Open benchmark suite for verifying Catalyst Brain SDK behavior from the public PyPI wheels.
The benchmark code is MIT licensed. The catalyst-brain SDK is distributed
through PyPI with a generous free tier. These tests use only the public SDK API,
do not require source access, and do not require signup, registration, or an API
key for normal local benchmark runs.
| Suite | What it checks |
|---|---|
| Install smoke | pip install catalyst-brain==1.3.3, package versions, HDC import, HoloSwarm API parity |
| Token discovery | Progressive tool discovery versus repeatedly sending full verbose schemas |
| Tool selection accuracy | Compact discovery still routes task intents to the expected tool |
| Deferred outputs | Code/tool outputs stay out of context until explicitly fetched |
| HDC primitives | Bind, unbind, bundle, resonance latency and throughput |
| Quantum attention heads | Quantum-inspired attention routing accuracy and latency against a classical reference |
| Bind/unbind correctness | Exact recovery through direct and chained HDC binding |
| HKVC scaling | Median and p95 query latency as stored entries increase |
| HKVC path breakdown | Exact indexed hits measured separately from missing-key fallback |
| HKVC recency probe | First/middle/last entry retrieval and latency checks |
| Rain state transfer | Binary/header size and round-trip checks for stateless handoff |
| Memory model | Explicit FP16 KV-cache model compared with fixed Catalyst Rain state |
| KV-cache comparison | FP16, TurboQuant, KIVI, PyramidKV, and Catalyst HKVC memory-model comparison |
python3 -m venv .venv
. .venv/bin/activate
python -m pip install --upgrade pip
python -m pip install -e ".[dev]"
catalyst-brain-bench --mode quick --out results/localThe command writes:
results/local/latest.jsonresults/local/*.csvresults/local/README.mdresults/local/charts/*.svg
For a larger run:
catalyst-brain-bench --mode full --out results/local-fullSee results/README.md.

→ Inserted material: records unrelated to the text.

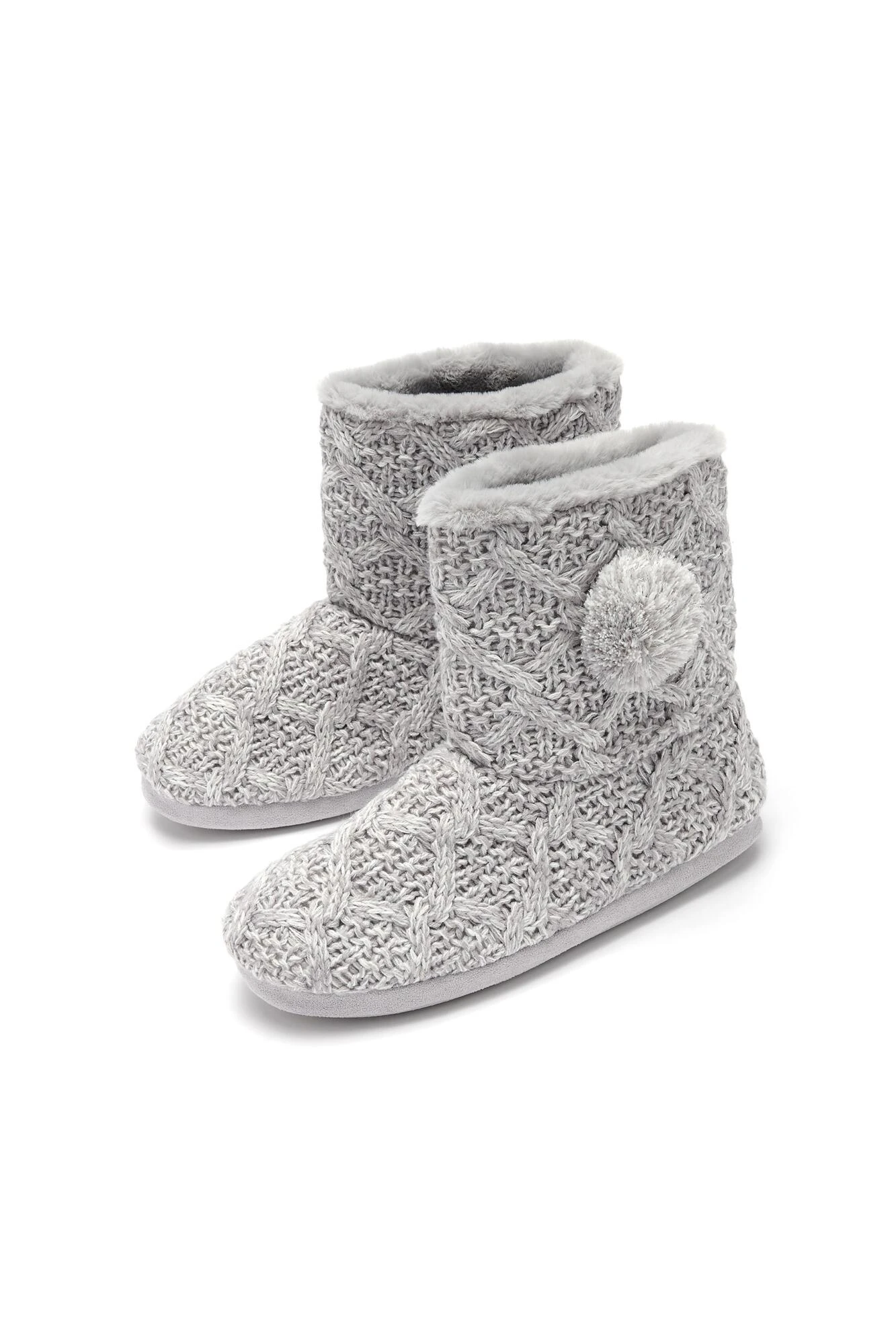 Get ready to relax in these Cable Knit Bootie Slippers. With a cosy sherpa inner, these luxurious cable knit slippers are inspired by the bestselling Cosy Cable Knit Sock. A real treat for your feet, these knit bootie slippers with pom pom trim are perfect for relaxing.
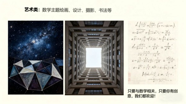 2.艺术类:数学主题绘画、设计、摄影、书法等
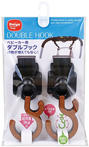 ベビーカー用 ダブルフック (ブラック×ブラウン)
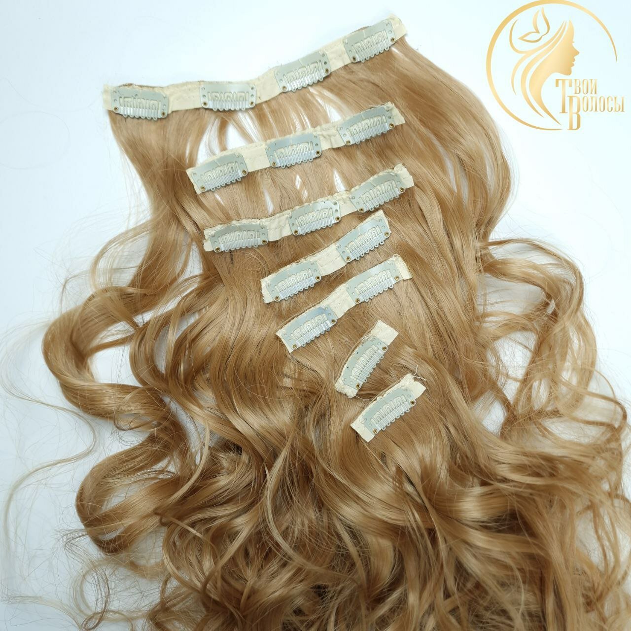 Купить Накладные волосы локонами 65 см, пряди на заколках-клипсах, Пшеничный (27 тон)
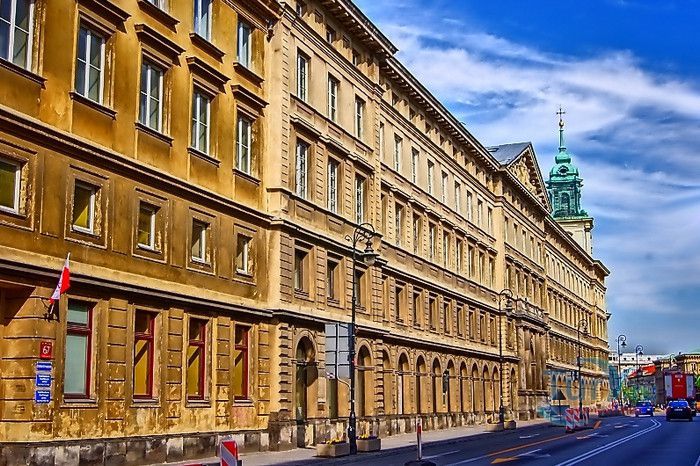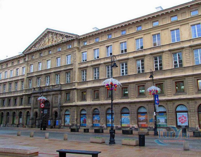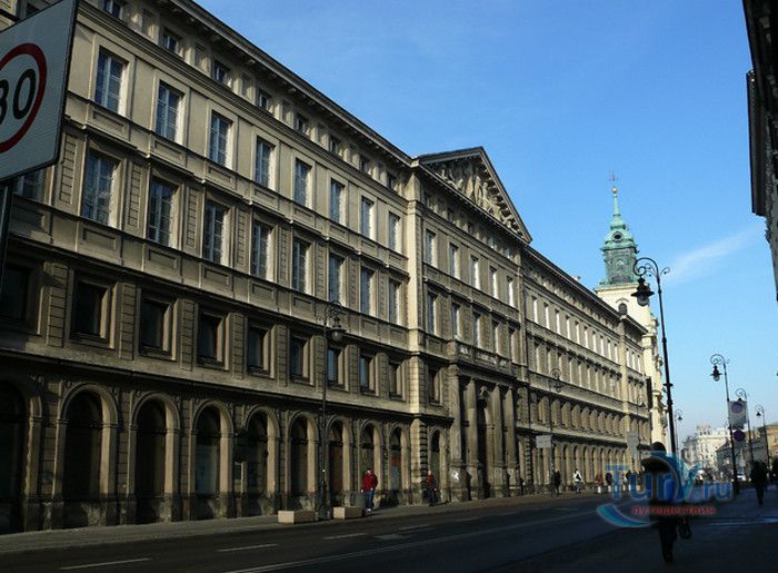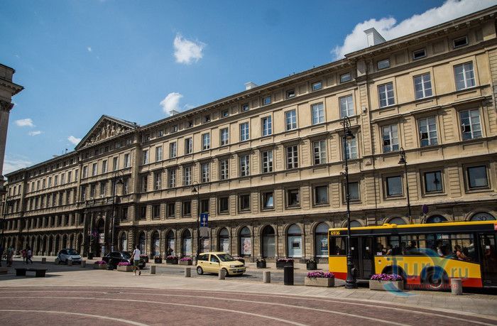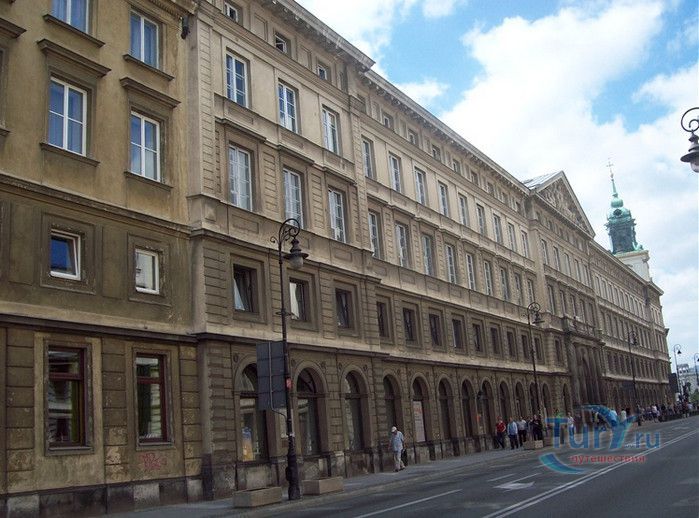 Дворец Замойского расположен в Варшаве, между Министерством финансов и Дворцом Сташицы. Здание было построено в 1667 году по заказу первого его владельца Яна Велопольского. В 1774-1745 годах дворец был перестроен архитектором Петром Гизом. Владельцами особняка в последующие годы были Франциск Ксаверий Браницкий и Анна Сапега, во дворце на протяжении нескольких лет жил Станислав Сташица. В 1839 году дворец приобрёл граф Анджей Замойский, по заказу которого в 1843-1846 годах архитектором Энрико Маркони здание было перестроено в стиле неоренессанс. Фасад дворца приобрёл схожесть с фасадом римского Палаццо делла Канчеллерия. В центре, наверху здания, был установлен треугольный фронтон с барельефами, изображающими мифологические сцены, работы Павла Малински. 19 сентября 1863 года, во время польского восстания, из окон Дворца Замойского, была забросана бомбами и обстреляна коляска, в которой ехал наместник царства Польского граф Фёдор Фёдорович Берг с адъютантом Виктором фон Валем. Серьёзно никто не пострадал, были контужены Виктор фон Валь и несколько казаков конвоя, а сам граф отделался простреленным воротником шинели. В наказание за это солдаты царской жандармерии устроили обыск, во время которого из окон выбрасывали имущество жильцов, грабили и крушили здание, был даже сброшен с постамента памятник Николаю Копернику, установленный напротив соседнего Дворца Сташицы. Существует история, что во время обыска жандармы выбросили в окно и фортепиано Фредерика Шопена, которое стояло в квартире сестры композитора. Польский поэт Циприан Камиль Норвид посвятил этому своё стихотворение "Рояль Шопена". Дворец был конфискован властью, с 1867 года в нём размещались военные ведомства, военно-полевой суд Варшавы, клуб, магазины и склады. В период между Первой и Второй мировыми войнами здание занимало Министерство внутренних дел и Управление национальной полиции. Дворец пострадал в 1944 году, во время Варшавского восстания. Восстановление особняка было проведено в 1948-1950 годах, работами руководил польский архитектор и реставратор Мечислав Кузьма. В ходе реконструкции был несколько изменён внешний вид здания, удалены балконы на первом этаже, окна первого и второго этажей оформлены в стиле неоренессанс. В наши дни во Дворце Замойского находится Институт журналистики Варшавского университета.
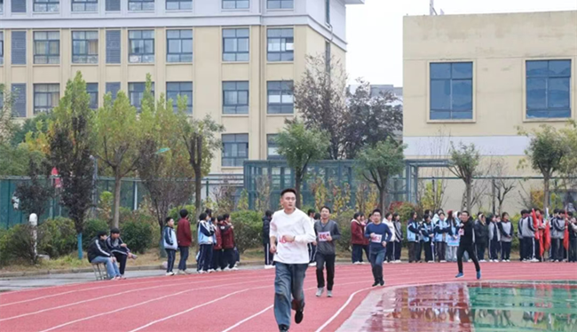 当日上午,教职工3000米比赛成为全场焦点。平日里站在三尺讲台上传道授业的老师们,此刻换上运动装,化身赛场上的 “追光者”。起跑后,老师们保持着稳健的节奏,雨水打湿了跑道,却让他们的身影更显坚毅。跑道旁,学生拉拉队早已举着加油牌、喊着口号,“老师加油!”“坚持就是胜利!” 的呐喊声此起彼伏,清脆的声音穿透雨幕,成为老师们前进的最强动力。有的老师虽已气喘吁吁,却在听到学生的呐喊后,再次加快脚步 —— 这不仅是一场比赛,更是师生间温暖的双向奔赴。
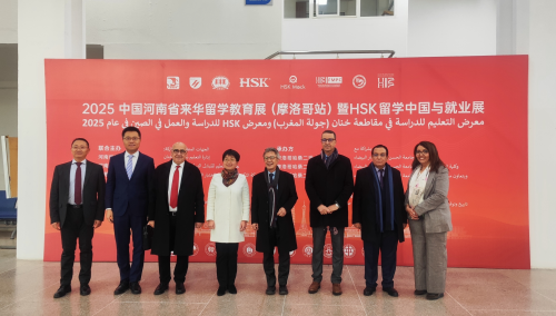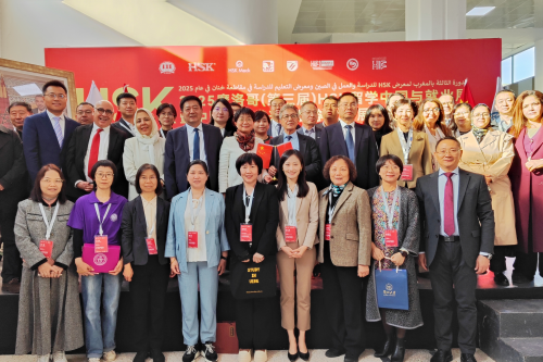 2025年12月7日,摩洛哥第三届汉语水平考试留学中国与就业展在卡萨布兰卡举行。驻摩洛哥大使余劲松、哈桑二世大学校长阿兹杜格以及汉考国际、河南省教育厅、参展高校和在摩中资企业等代表出席。
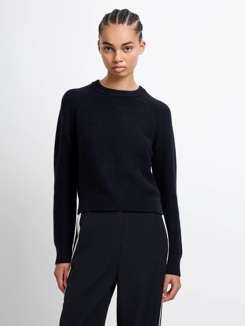 Stylish black knit crew neck jumper by French Connection. Made from a soft knit fabric, this jumper features long sleeves and a classic crew neckline. Subtle side hem notches add a touch of detail to this everyday knitwear staple.

Charts from the latest checked-in run:
- Token savings
- Tool selection accuracy
- Deferred output savings
- HKVC query latency
- HKVC path latency
- HKVC recency latency
- HDC primitive latency
- Quantum attention latency
- Quantum attention accuracy
- Bind/unbind chain correctness
- Rain state transfer
- Memory model
- KV-cache comparison
Comparison assumptions and primary paper links are documented in docs/SOURCES.md. Claim coverage and next evidence targets are tracked in docs/EVIDENCE_MAP.md.
These benchmarks are meant to be reproducible, not rhetorical.
- The suite uses public APIs only.
- Results vary by hardware, Python version, and operating system.
- The memory chart is an explicit model, not process RSS. It compares a stated FP16 transformer KV-cache formula with the SDK's fixed world-vector size and measured compressed Rain header size.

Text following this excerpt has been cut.